Martin Látal: Patrzymy na tabelę, bo chcemy zająć czwarte miejsce
Martin Látal był jednym z najbardziej aktywnych zawodników Comarch Cracovii w wygranym meczu z Marmą Ciarko STS Sanok 7:1. Jak doświadczony Czech ocenił powrót do ligowych zmagań?
– To był ciężki mecz po długiej przerwie. Zaczęliśmy dobrze to spotkanie, jednak później rywal miał za dużo okazji. Ważne, że zdobywaliśmy kolejne bramki i w konsekwencji ważne trzy punkty. Myślę, że nasz bramkarz spisał się bardzo dobrze i utrzymał nas w grze. Wybronił kilka groźnych sytuacji, a my później odwdzięczyliśmy się swoimi bramkami. Po tej przerwie było ciężko wrócić do rytmu meczowego. Jednak na szczęście zdobyliśmy kilka bramek i wygraliśmy ten mecz – mówił po meczu Martin Látal, czołowy napastnik "Pasów".
Sanoczanie w drugiej tercji oddali aż 20 strzałów i mieli wiele sytuacji pod bramką rywala, jednak to krakowianie zdobyli aż trzy gole. Podczas jednej z kontr Látal wyłożył gumę jak na tacy Alexandrowi Younanowi, który musiał tylko odpowiednio przystawić łopatkę kija.
– Do 30 minuty było to dość trudne spotkanie, jednak gdy zdobyliśmy kilka bramek, to grało nam się lepiej.
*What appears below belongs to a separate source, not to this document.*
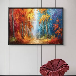 Plongez dans un voyage visuel à travers “Le Sentier des Saisons”, une œuvre d’art vibrante qui capture la magie de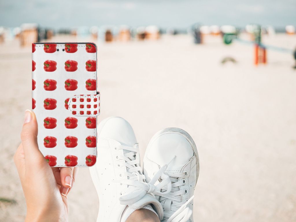 Er zit pit in jouw Sony Xperia Z3 Book Cover dankzij dit design met rode paprika’s. Paprika’s zijn er in allerlei kleuren en vormen en ze hebben gemeen dat ze heel erg gezond zijn. De rode paprika’s op deze case staan op een grijs met witte geblokte achtergrond en vormen een opvallende verschijning. Heb jij ooit iemand in je nabije omgeving rond zien lopen met een design hoesje met rode paprika’s? Waarschijnlijk niet. Dit boekhoesje met rode paprika’s beschermt jouw telefoon aan alle zijden en beschikt over verschillende opbergvakjes voor pasjes en briefgeld. De case sluit perfect af met het magnetische lipje aan de buitenkant. Zeker weten dat je met dit hoesje met rode paprika’s een smartphone accessoire te pakken hebt waarmee je jezelf in de schijnwerpers zet. De houder aan de binnenzijde van het boekhoesje met rode paprika’s is van TPU. Als je andere kleuren paprika’s op je hoesje wilt, raden we je aan ons assortiment design hoesjes te bekijken of zelf een hoesje te ontwerpen.

Trenowaliśmy poza naszym lodowiskiem i to było widać na początku. Jednak jesteśmy mimo ostatnich trudności dobrze przygotowani. Sanok musiał zagrać coraz bardziej ofensywnie i zaryzykować. Oni musieli zdobyć gola, ale popełnili przy tym błędy. Nam udało się je wykorzystać. Muszę przyznać, że dobrze nam wychodziła nam gra z kontry – wyjaśnił 35-letni napastnik.
Comarch Cracovia w tabeli zajmuje piąte miejsce, ale ma tyle samo punktów co czwarta KH Energa Toruń i szósty JKH GKS Jastrzębie. W tabeli jest ciasno, bo siódmy zespół ma tylko dwa punkty mniej. Walka o "czwórkę" zapowiada się emocjonująco.
– Mamy do końca sezonu jeszcze trochę meczów, oczywiście patrzymy w tabelę, bo chcielibyśmy zająć czwarte miejsce. Jak to się skończy to zobaczymy, ale będziemy walczyć o najlepsze dla nas miejsce – zakończył czeski napastnik.